Molecular epidemiology studies on C. difficile clinical isolates have been conducted to analyze epidemic dynamics within and between countries, as well as to assess CDI outbreaks in healthcare facilities. Various genotyping methods have been adopted for these studies, including ribotyping10,11,12, multilocus sequence typing (MLST/ST)13,14, toxinotyping10, surface-layer protein A (slpA) sequence typing15,16,17, pulse-field gel electrophoresis (PFGE) typing18, and PCR-based open reading frame typing (POT)19.

The POT method offers a cost-effective and user-friendly alternative to other genotyping protocols. Utilizing multiplex PCR, this method has proven effective in determining the bacterial species and in genotyping various bacterial pathogens associated with HAIs, such as S. aureus20,21. It was employed to investigate not only HAIs but also the regional spread of methicillin-resistant S. aureus22. In the case of C. difficile, the POT method involves two reactions, POT1 and POT2, each comprising 11 and 10 multiplex PCR reactions. Binomial PCR results are converted to decimal numbers, and the POT genotype is represented by hyphenated POT1 and POT2 numbers, akin to a postal code (e.g., 000-000)23. POT1 correlates with the sequence type (ST), while POT2 targets toxin genes (i.e., tcdA, tcdB, cdtA) and others, enabling further classification of the isolate. Consequently, the POT method possesses inherently finer genetic resolution compared to PCR ribotyping and MLST, as demonstrated in previous studies19,24. This high resolution enhances its utility in molecular epidemiological studies of C. difficile.
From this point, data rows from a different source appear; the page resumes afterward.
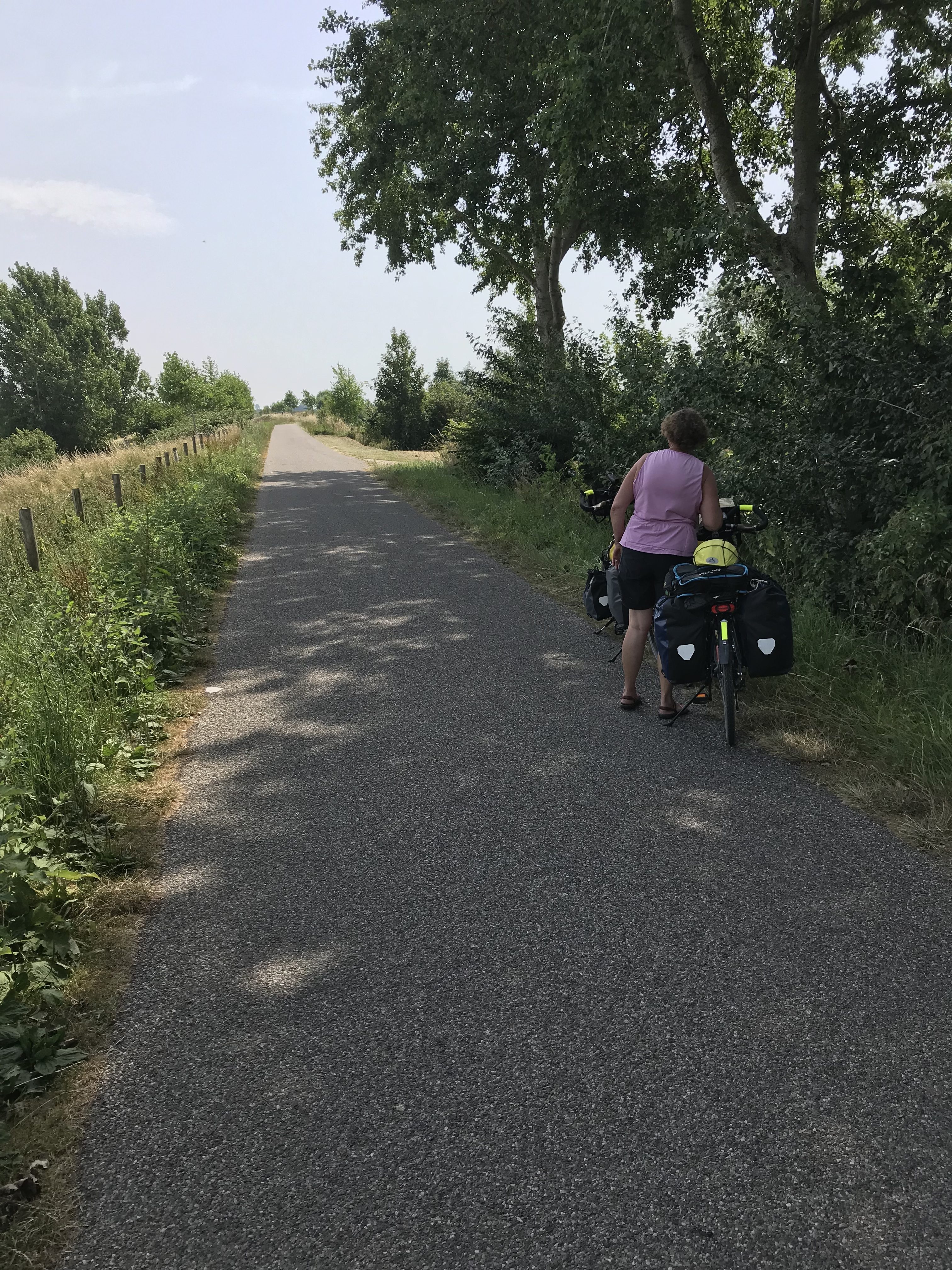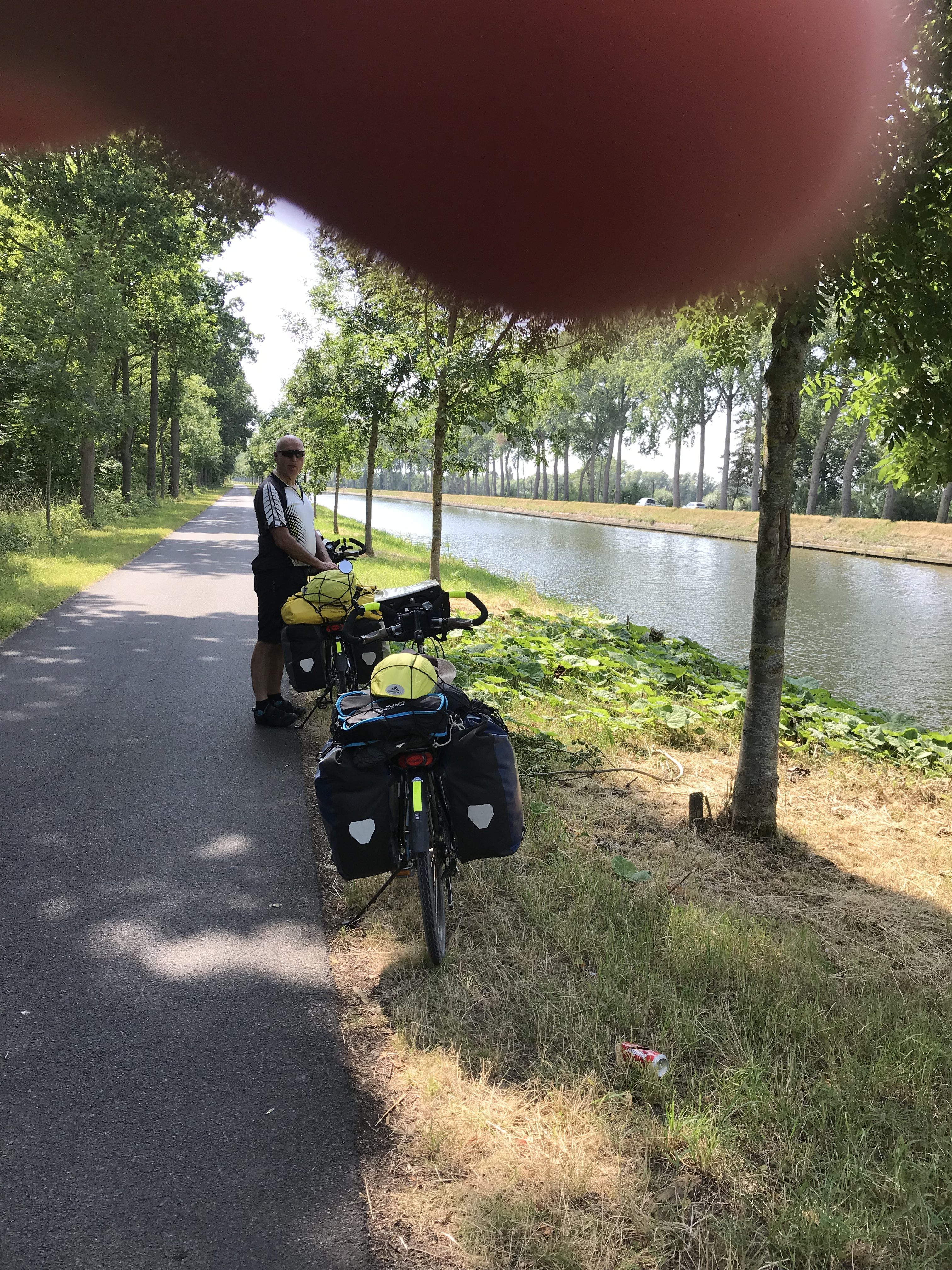 Dan buigen we van de kust af naar Sluis en gaan daar de grens over. Al snel fietsen we langs een kanaal, km’s lang, lekker om afstanden af te leggen, maar saai… en dan ook nogeens de draaiende wind tegen…
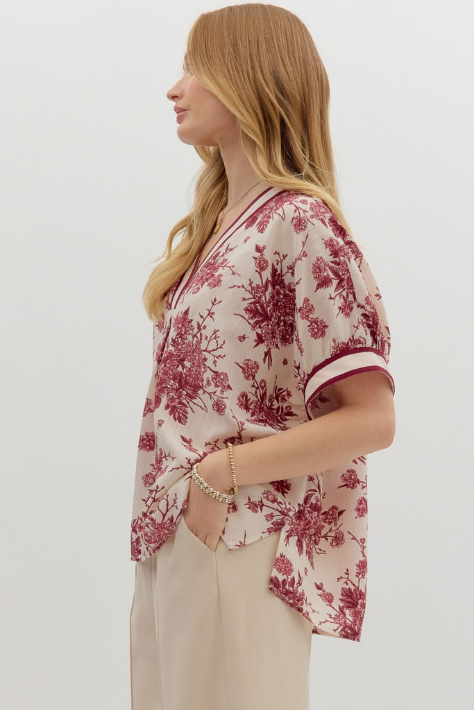 Embrace effortless charm with the Woodland Top, a playful oversized pullover featuring a vibrant floral print and colorful band accents. Its short dolman sleeves and lightweight woven fabric keep you cool and comfy, while the unlined, non-sheer design adds breezy ease to your look. Perfect for adding a splash of fun to any casual outfit!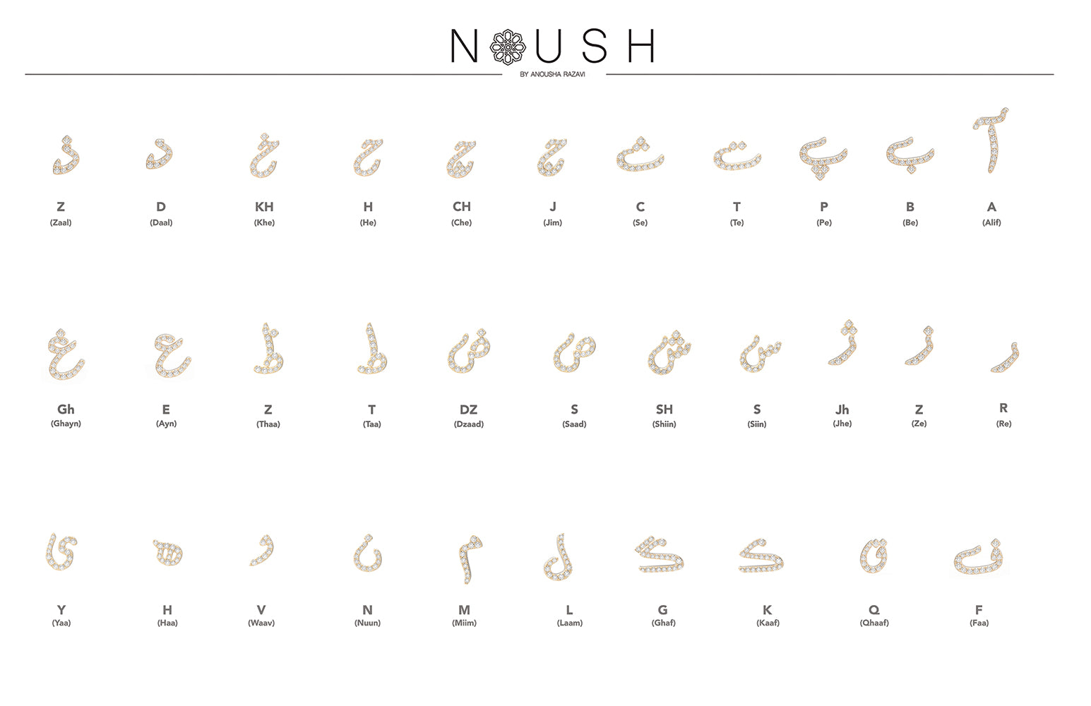 - These delicate stud earrings feature Persian/Arabic initials encrusted with diamonds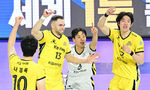 [OSEN=인천, 최규한 기자] 29일 오후 인천 계양체육관에서 ‘도드람 2024-2025 V-리그’ 남자부 대한항공과 KB손해보험의 경기가 열렸다.방문팀 KB손해보험이 3-2(15-25 17-25 25-17 25-19 15-12)로 짜릿한 역전승을 거뒀다.승리를 확정지은 KB손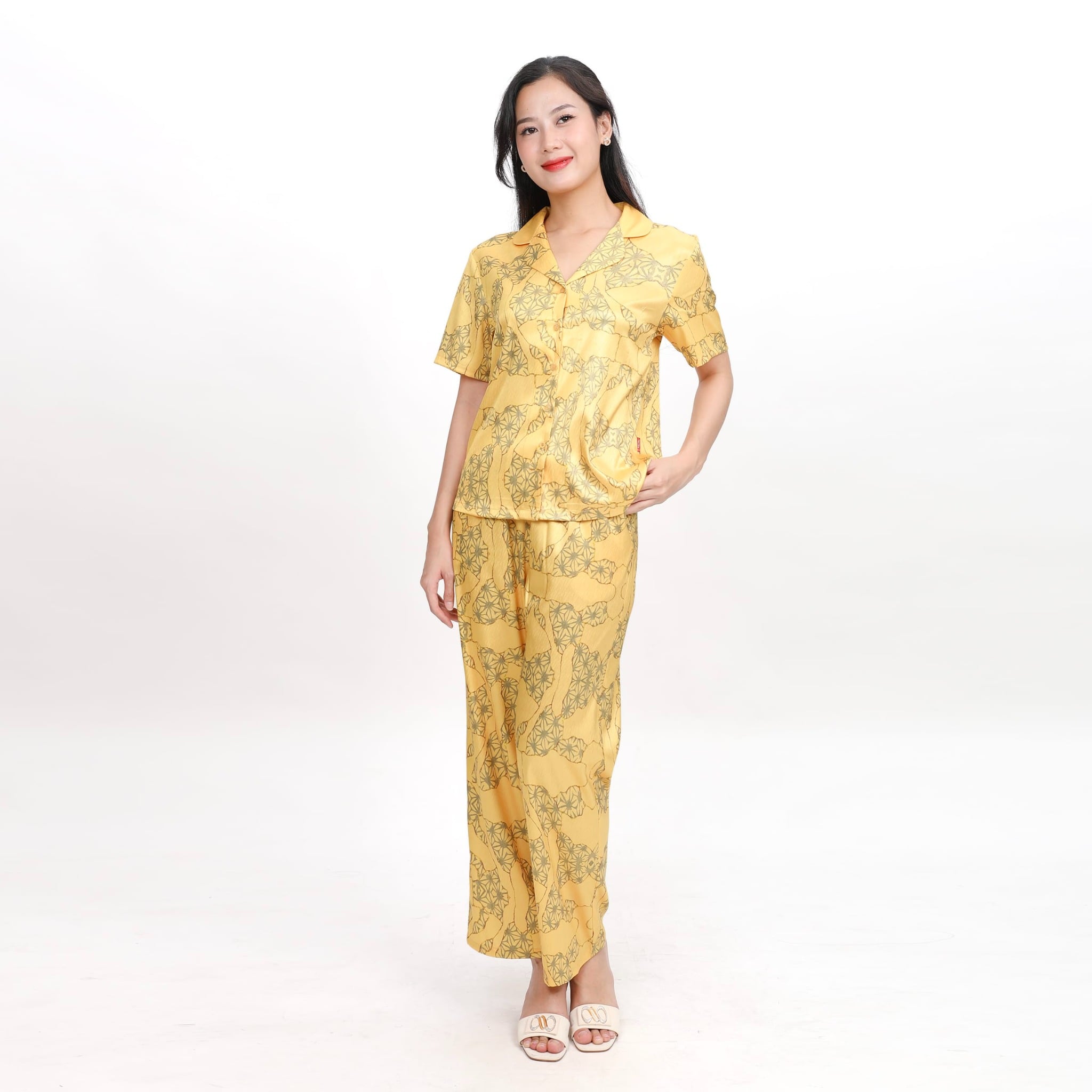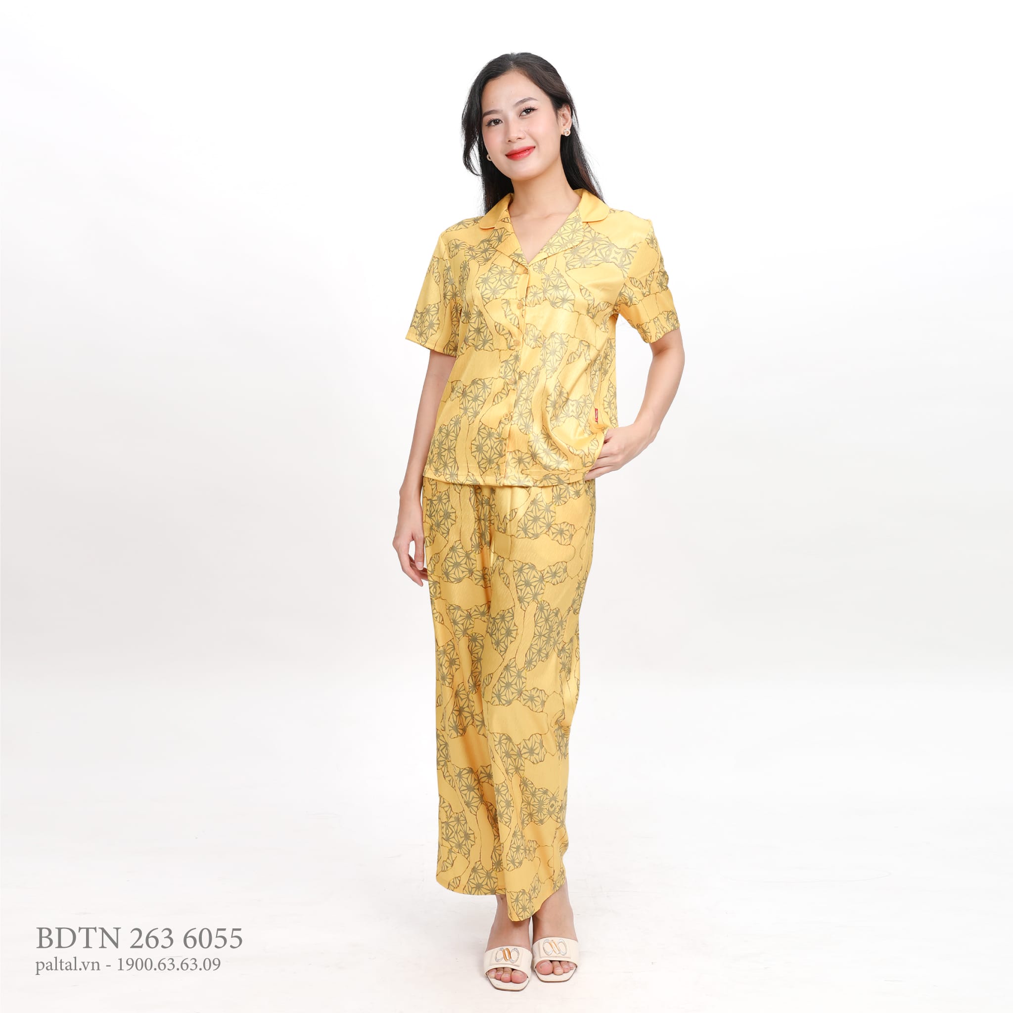 Set đồ bộ nữ kiểu quần dài tay ngắn in hoa chất lụa nhung BDTN 263p 6055 KHUYẾN MÃI - ƯU ĐÃI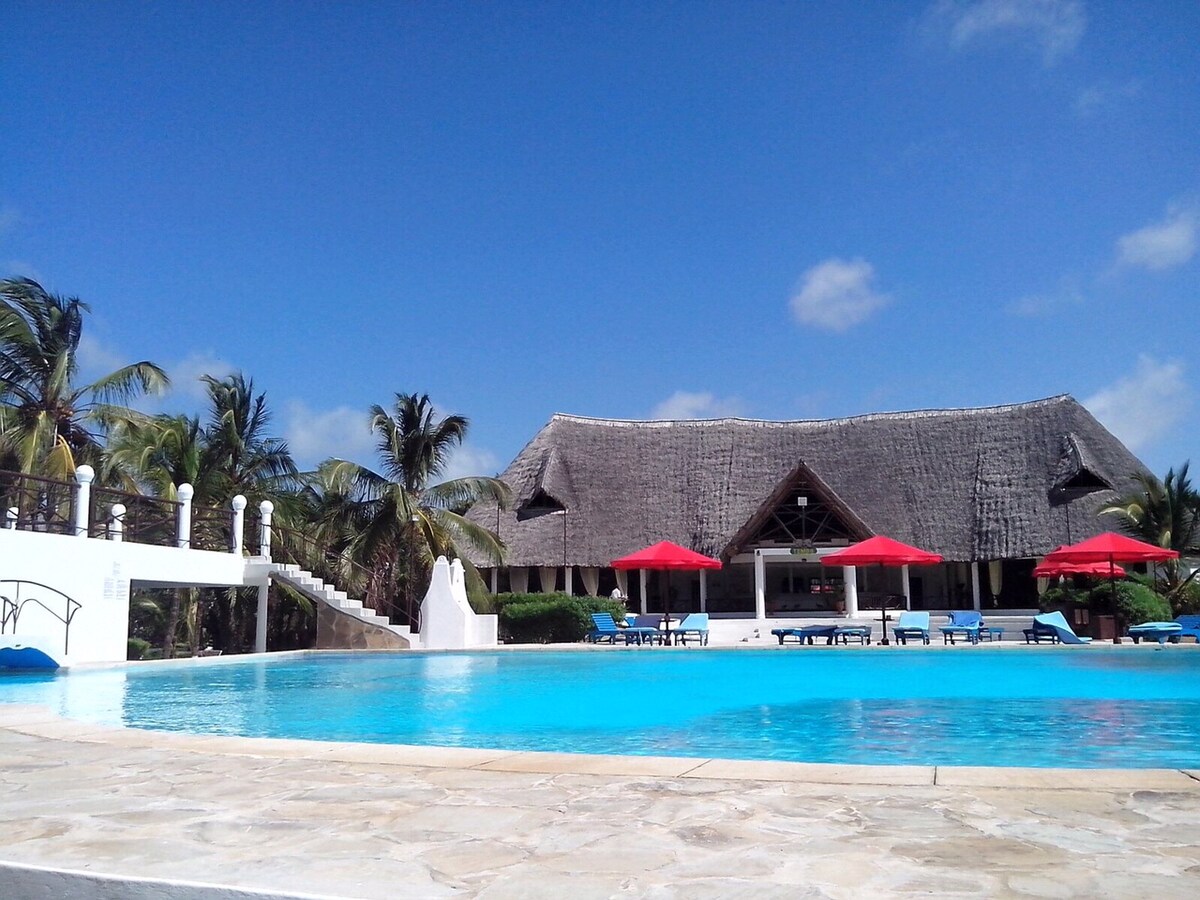 Experimenta un paraíso tropical en este espacio que se encuentra justo dentro de un centro vacacional de playa de 5 estrellas. ¡Diviértete en nuestra tranquila playa[sin vendedores de playa] rodeada de hermosas dunas de arena y un amplio frente de playa que te encantará absolutamente! El muelle de Malindi está a poca distancia a pie de la playa, al igual que el estero, donde el río Sabaki fluye hacia el océano. Hay 2 bares, un spa, gimnasio y restaurante en el complejo. El aeropuerto de Malindi, el supermercado Naivas, la ciudad de Malindi y los centros de entretenimiento están a solo 15 minutos.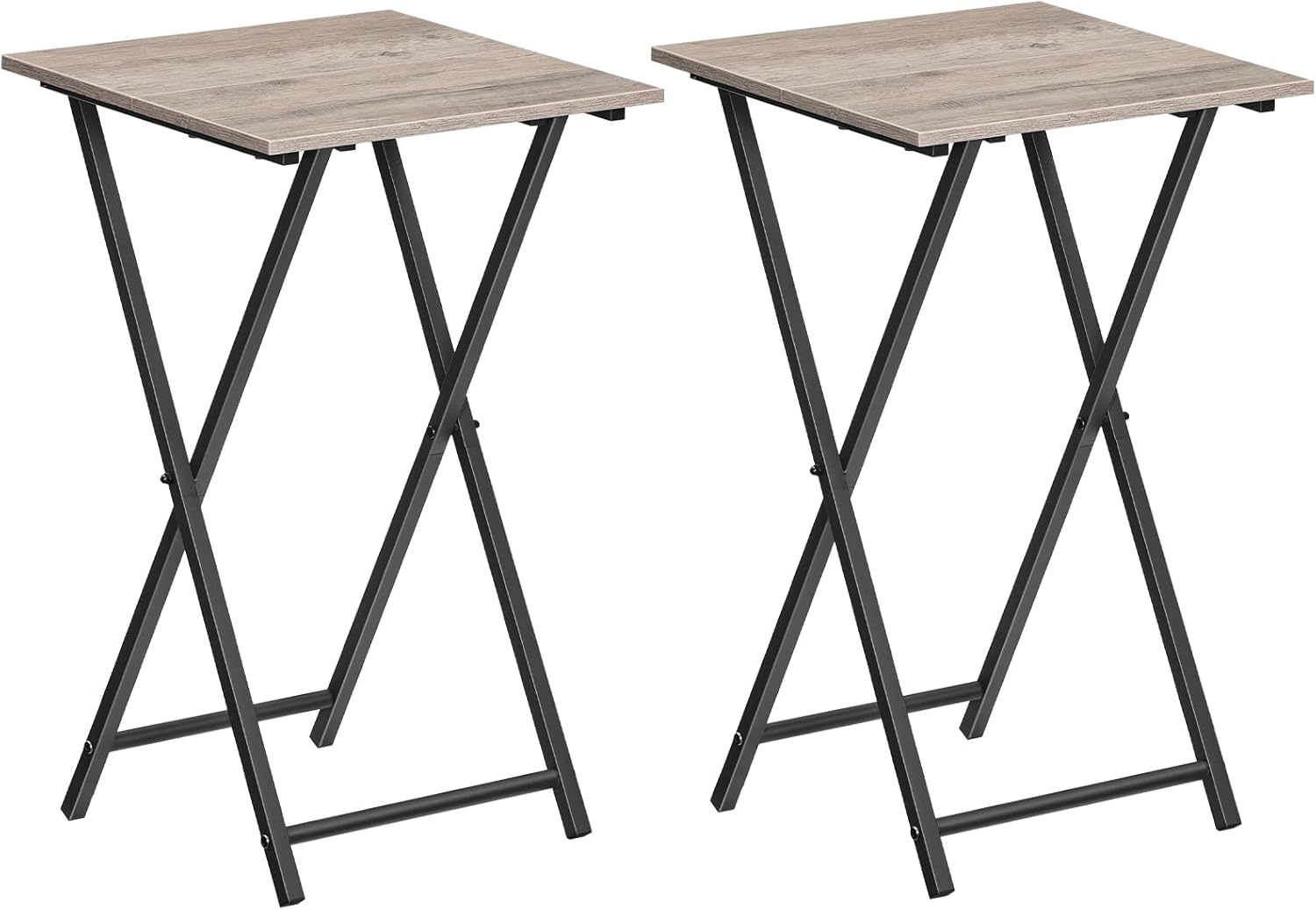 HOOBRO Folding TV Tray Table, Set of 2 Wooden TV Tray, Portable Sofa Side Snack Table, Industrial Desk for Small Spaces, Space-Saving, Easy to Install and Fold, Greige and Black BG27BZP201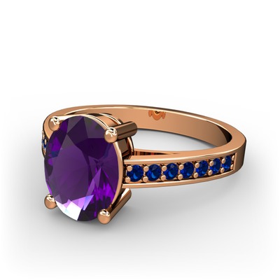 Ametist ve lab safir 14 ayar rose altın yüzük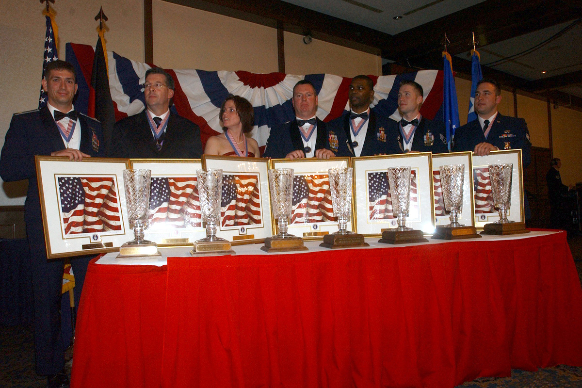 Maj. Bryan Tash, 16 AF 2nd Air Support Operations Squadron ( left), Randall Cummins, 39th Contracting Squadron, Heather Hughes, 52nd Medical Operations Squadron, Master Sgt. Jeffrey Jacobson, 31st Aircraft Maintenance Squadron,Senior Master Sgt. Henry Parker III, 65th Services Squadron, Staff Sgt. Joseph Berberich, 48th Medical Support Squadron and Senior Airman Christopher Gerdes, 435th Civil Engineer Group received top honors at the USAFE 2005 Outstanding Airmen of the Year banquet March 24.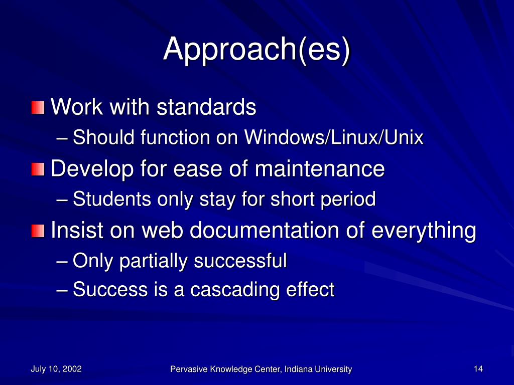 Approach(es) • Work with standards • Should function on Windows/Linux/Unix • Develop for ease of maintenance • Students only stay for short period • Insist on web documentation of everything • Only partially successful • Success is a cascading effect Pervasive Knowledge Center, Indiana University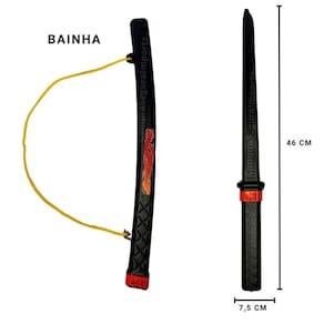 Espada Samurai De Brinquedo Ninja Guerreiro Com Bainha 46cm A espada de brinquedo vai garantir a diversão de seu filho, além de ajudar na imaginação e desenvolvimento da coordenação motora brincando.

The historical molecular epidemiological studies on C. difficile has paid much attention on global and virulent strains, often utilizing genotyping methods like RT or MLST. However, in this retrospective multi-institutional study, we opted for the POT genotyping method due to its superior genetic resolution. Our analysis delves into the molecular epidemiology of C. difficile across Japan, with a specific focus on clinical isolates not only of commonly-found genotypes, but also those bearing minor genotypes as well as those lacking toxin genes. This approach aims to provide a unique and valuable insights into the molecular epidemiology of C. difficile.

Results

Overview of the POT genotypes

The 14 hospitals spanned from the north to south of Japan (Fig. 1a). The POT genotype data on 982 clinical isolates were collected. Each hospital contributed a dataset containing 10 to 177 isolates (Table 1 and Supplementary Information S1). The total number of unique POT genotypes reached 294. The most prevalent genotype was POT 826-279/ST8/RT002, accounting for 6.0% of all the isolates (59/982 isolates), and identified in 11 of the 14 hospitals. This was followed by POT 691-387/ST17/RT018-like (5.2%, 51/982 isolates) and POT 700-501/ST81/RT369 (4.6%, 45/982 isolates). The toxin gene genotypes of POT 826-279 and POT 691-387 were both tcdA+/tcdB+/cdtA-. The toxin gene genotype of POT 700-501 was tcdA-/tcdB+/cdtA-. The dominant POT genotype in each hospital ranged from 5.2% to 37.5%, demonstrating variability among hospitals. Among all, 190 isolates (19.3%) were toxin-negative. The most prevalent toxin gene-negative genotypes were POT 732-272 and 732-308, occupying the 9th and 10th positions, respectively.

Fig. 1
figure 1

A map of Japan depicting the locations of the hospitals included in this study and the POT genotype profile. (a) The 14 hospitals are illustrated on the density map of Japan, reflecting the number of passengers using railways. The pie graph displays the profile of POT genotypes for clinical isolates from all 14 hospitals. (b) Comparison of POT genotypes in C. difficile clinical isolates from 3 hospitals in Osaka prefecture to those from 8 hospitals in non-Osaka areas. Cross-regional genotypes are underlined. Region-specific genotypes (beige) are presented within other genotypes (gray) at the top-left. An asterisk denotes statistical significance in the isolation rate of the genotype in Osaka area relative to non-Osaka areas (P = 0.00002 by Fischer’s exact test, two-sided).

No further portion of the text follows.